TASK TO COMPLETE
Begin your copy at the line that holds "- Folik asit" and carry it through the final line of the data, writing out each line exactly and omitting pictures.

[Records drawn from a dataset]
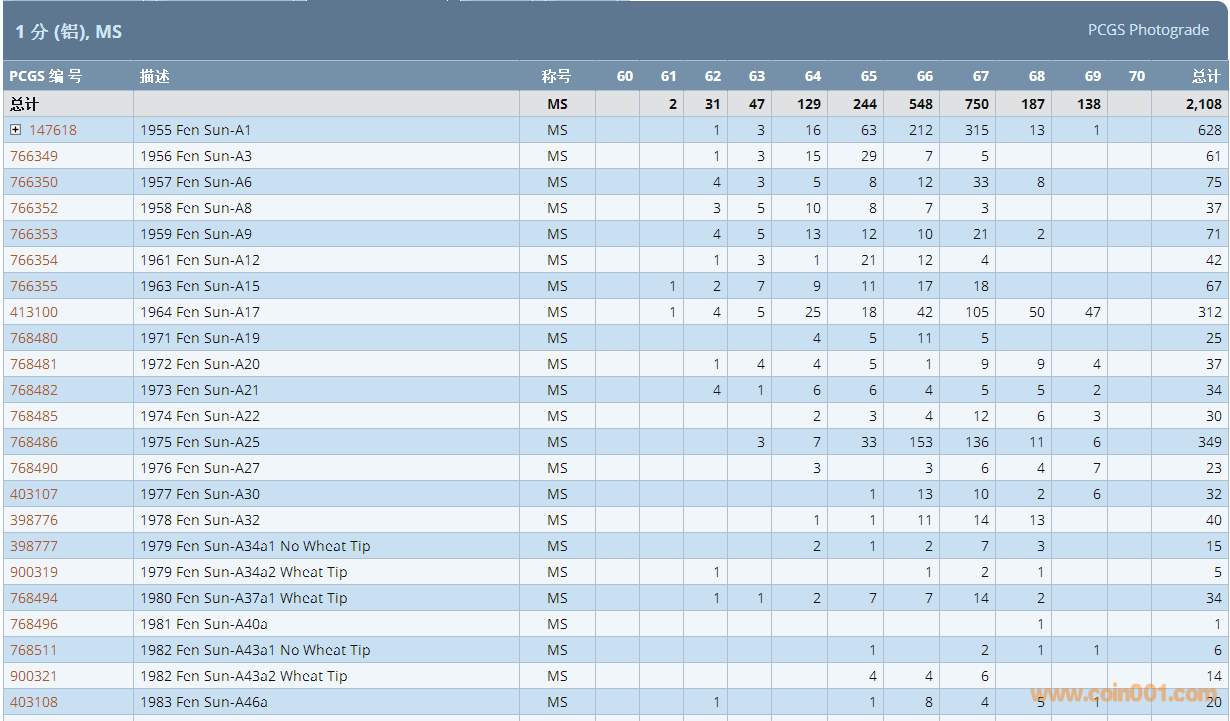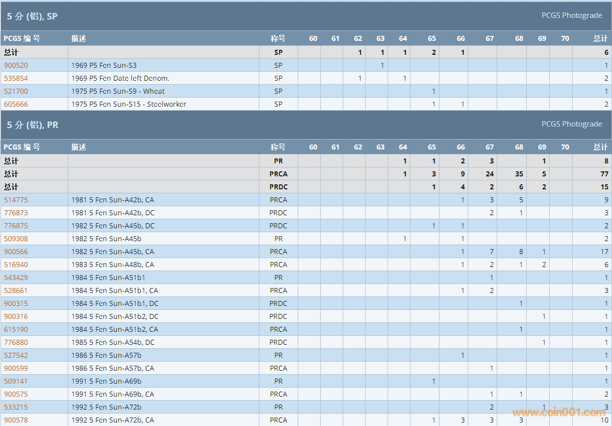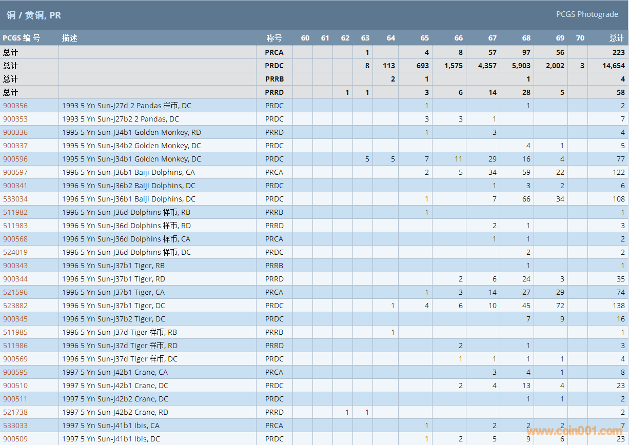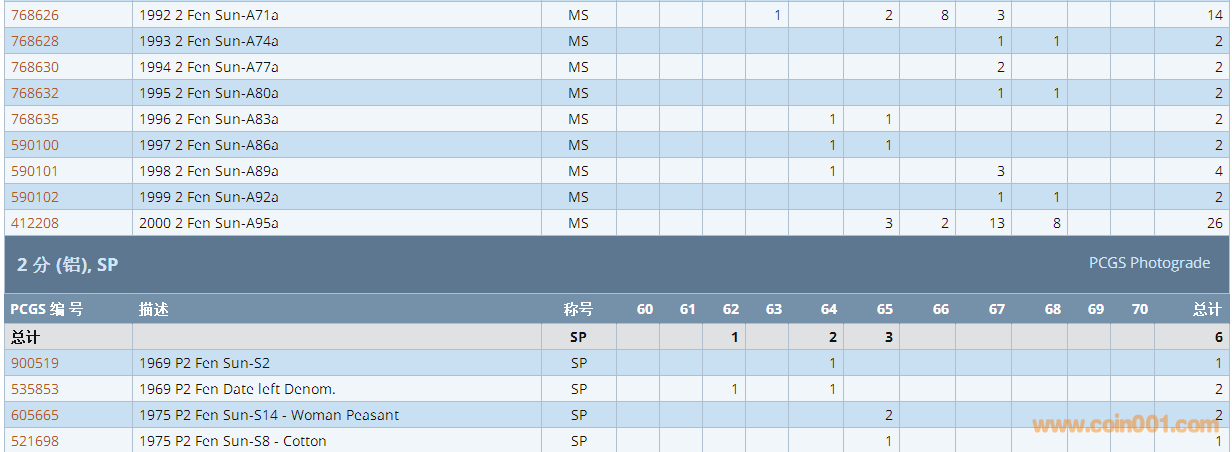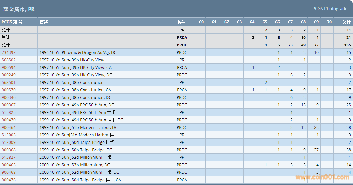 PCGS硬幣評級數(shù)量報告 ..
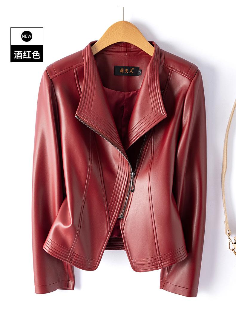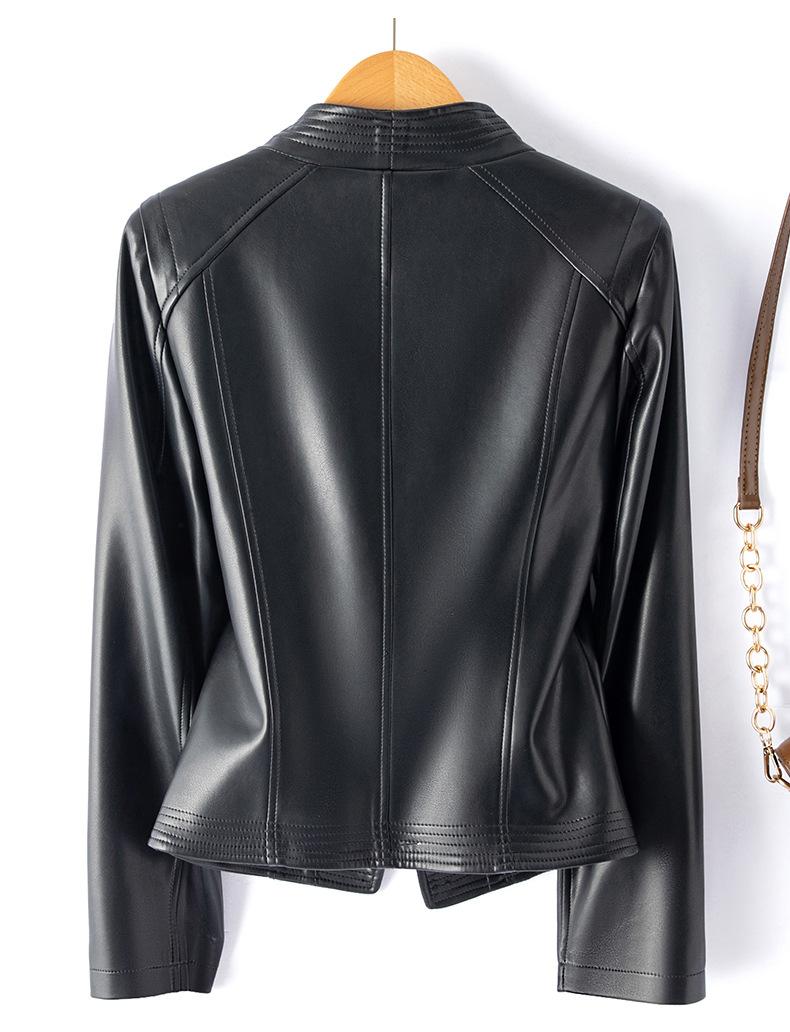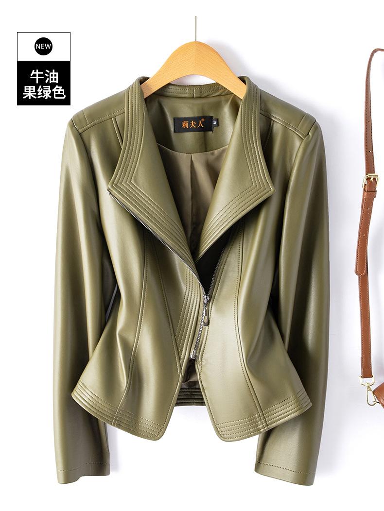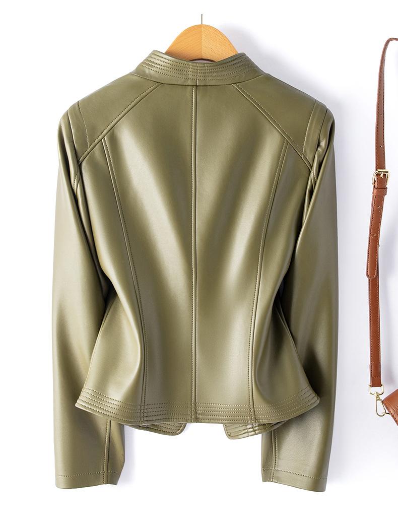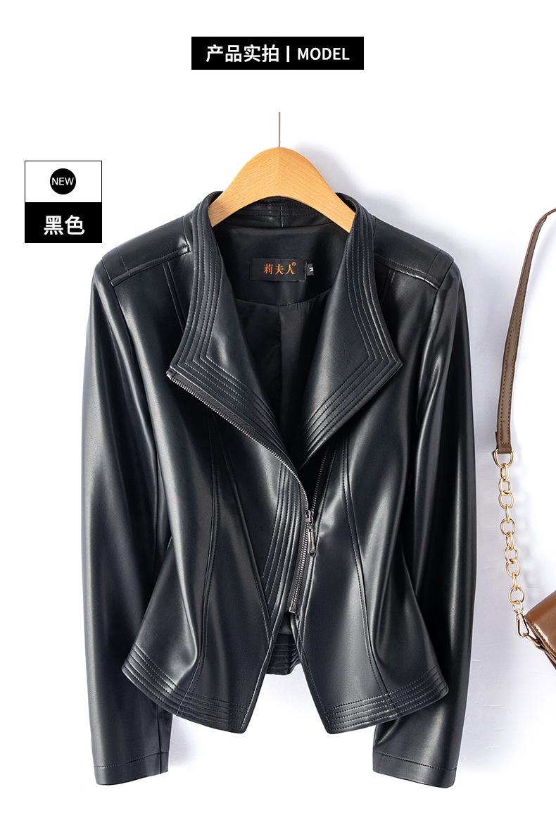 Chaqueta de Cuero Pequeña Haining Estilo Coreano Nueva de Primavera y Otoño 2025 para Mujer, Corta, Ajustada, Motociclista, Talla Grande, Top de Cuero
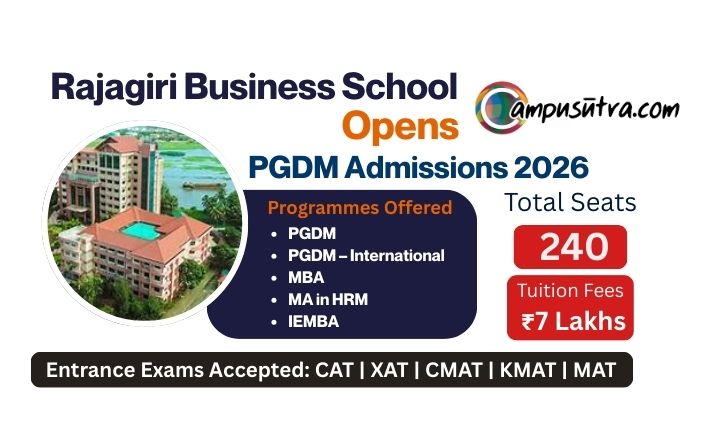 Rajagiri Business School PGDM Admission 2026: Rajagiri Business School (RBS) Kochi, opens applications for its 2 year full-time Post Graduate Diploma in Management (PGDM) and PGDM international for the batch of 2026 -28. Candidates can apply Online before 15 April 2026 (tentative). Rajagiri Business School Offers full time Programme in PGDM, MA in HRM, MBA, PGDM–International, and IEMBA programs.
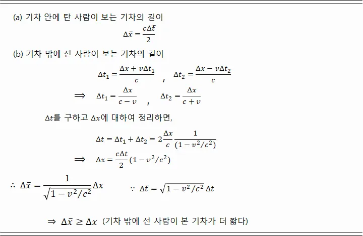 또한 위의 시간 지연 현상에 이어, 그림 4처럼 빛이 한 쪽 벽에서 출발해 반대쪽 벽을 부딪히고 나와 다시 돌아오는 경로를 관찰하였을 때에는, 기차의 길이가 다르게 관찰됨을 알 수 있네. 이 경우에도 빛은 기차 밖에서 관찰할 때 더 긴 경로를 이동하는데, (속도) = (거리)/(시간)에서 (b)의 기차 길이가 (a)에서보다 짧아져야 동일한 빛의 속도를 유지할 수 있는 것이라네. 이는 움직이는 물체가 정지한 물체보다 짧게 보이는 길이 수축 또는 로렌츠 수축 현상으로 불리우네. 정확한 수식은 아래와 같아.
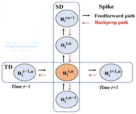 At the single neuron level, Figure 5, the propagation is decomposed into a vertical path for SD and a horizontal path for TD, each neuron accumulates a weighted error signal from the upper layer and iteratively updates parameters in different layers. In TD, the neuron state is iteratively expanded in the temporal direction that enables chain rule propagation. At this point, we clearly understand that the complete gradient descent process is obtained during the training process. On one hand, each neuron accumulates weighted error signals from the upper layers in SD, on the other hand, each neuron also expands the state space iteratively based on the chain rule from the received propagated errors in self-feedback dynamics.
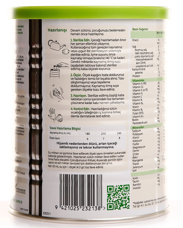 - Folik asit ve Demir gibi bebekler için gerekli diğer vitamin ve minerallerle formülü takviye edilmiştir.
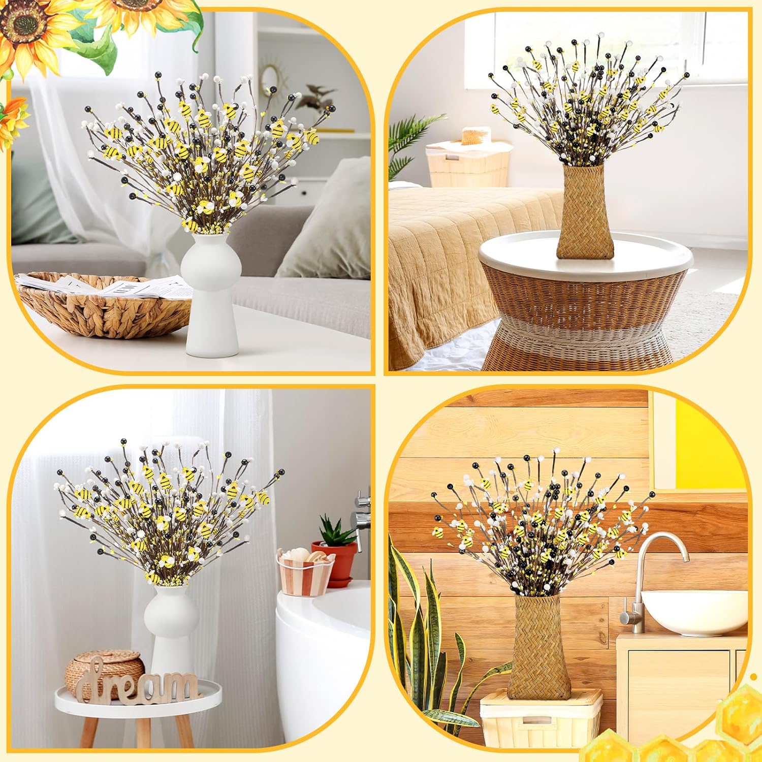 Features: Whether placed in a vase, scattered on tables, or added to summer arrangements, these picks serve as versatile vase fillers. Their double-sided design ensures that the delightful wooden bee can be admired from any angle Elevate your farmhouse decor with these bee picks. The wooden construction and bee shapes seamlessly blend with farmhouse aesthetics, creating a warm and welcoming atmosphere Specifications: Main material: Acrylic and iron Main color: yellow black and white Size: about 12 inches/ 30 cm long Package includes: 12 x bee bouquet Notes: Manual measurement, please allow slight errors on size. The color may exist a slight difference due to different screen displays
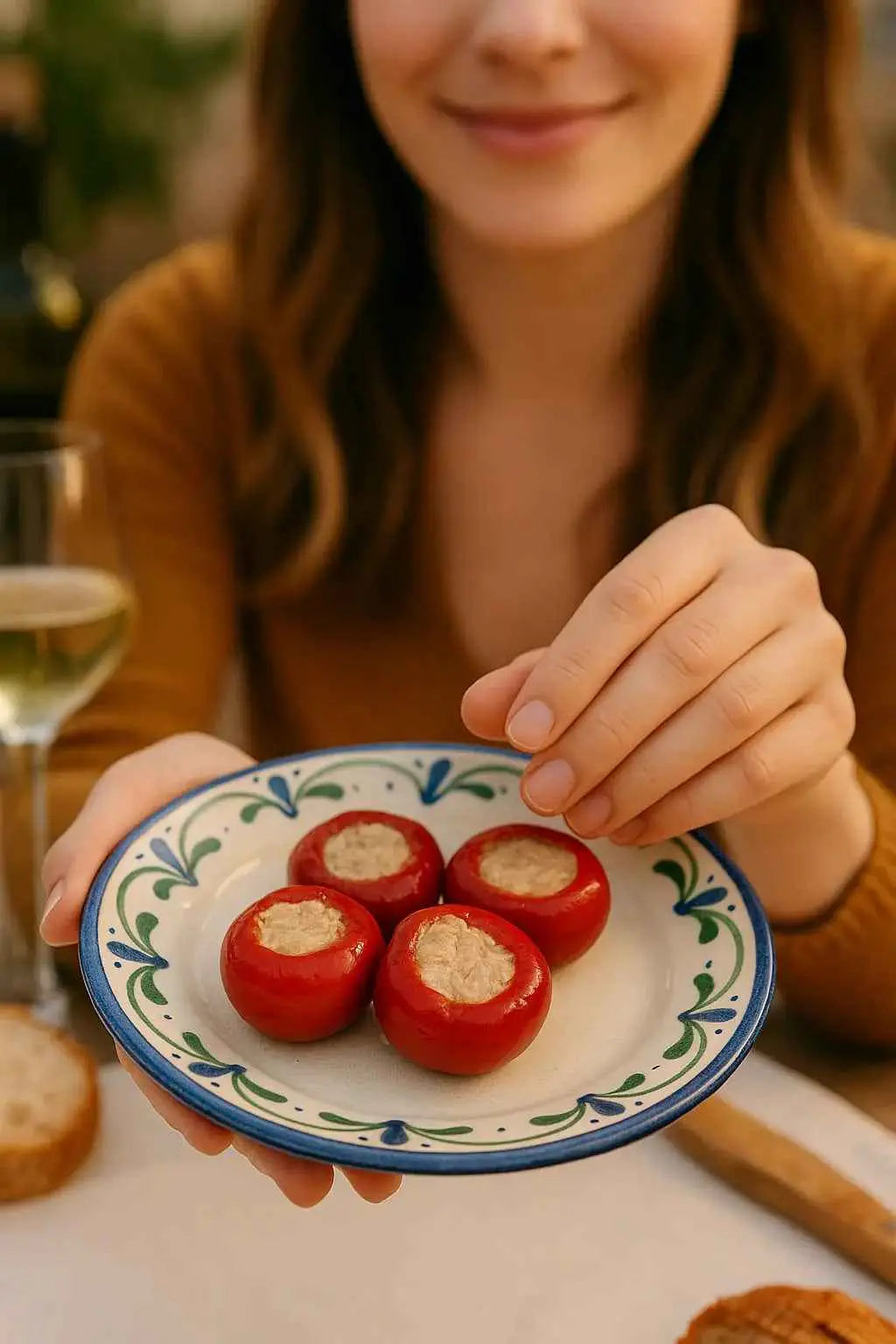 Ideali come antipasti pugliesi, questi peperoni ripieni possono essere serviti freddi o leggermente riscaldati. Si abbinano perfettamente a un tagliere di salumi, formaggi e vini pugliesi come il Primitivo o il Negroamaro, creando un'esperienza di gusto unica e indimenticabile.
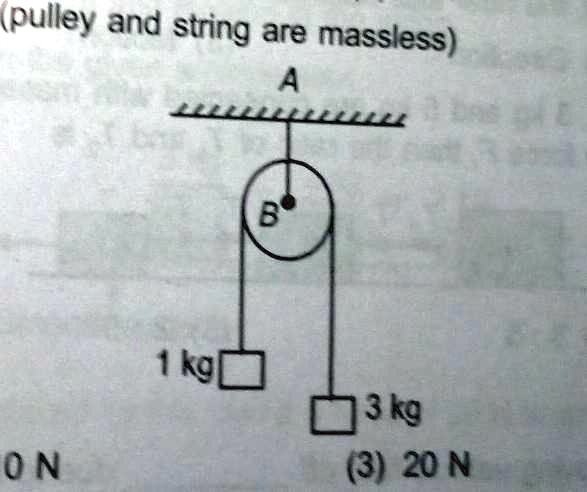 (pulley and string are massless) A B 1 kg 3 kg (3) 20 N

REPLY TO THE EXERCISE
 - Folik asit ve Demir gibi bebekler için gerekli diğer vitamin ve minerallerle formülü takviye edilmiştir.
 Features: Whether placed in a vase, scattered on tables, or added to summer arrangements, these picks serve as versatile vase fillers. Their double-sided design ensures that the delightful wooden bee can be admired from any angle Elevate your farmhouse decor with these bee picks. The wooden construction and bee shapes seamlessly blend with farmhouse aesthetics, creating a warm and welcoming atmosphere Specifications: Main material: Acrylic and iron Main color: yellow black and white Size: about 12 inches/ 30 cm long Package includes: 12 x bee bouquet Notes: Manual measurement, please allow slight errors on size. The color may exist a slight difference due to different screen displays
 Ideali come antipasti pugliesi, questi peperoni ripieni possono essere serviti freddi o leggermente riscaldati. Si abbinano perfettamente a un tagliere di salumi, formaggi e vini pugliesi come il Primitivo o il Negroamaro, creando un'esperienza di gusto unica e indimenticabile.
 (pulley and string are massless) A B 1 kg 3 kg (3) 20 N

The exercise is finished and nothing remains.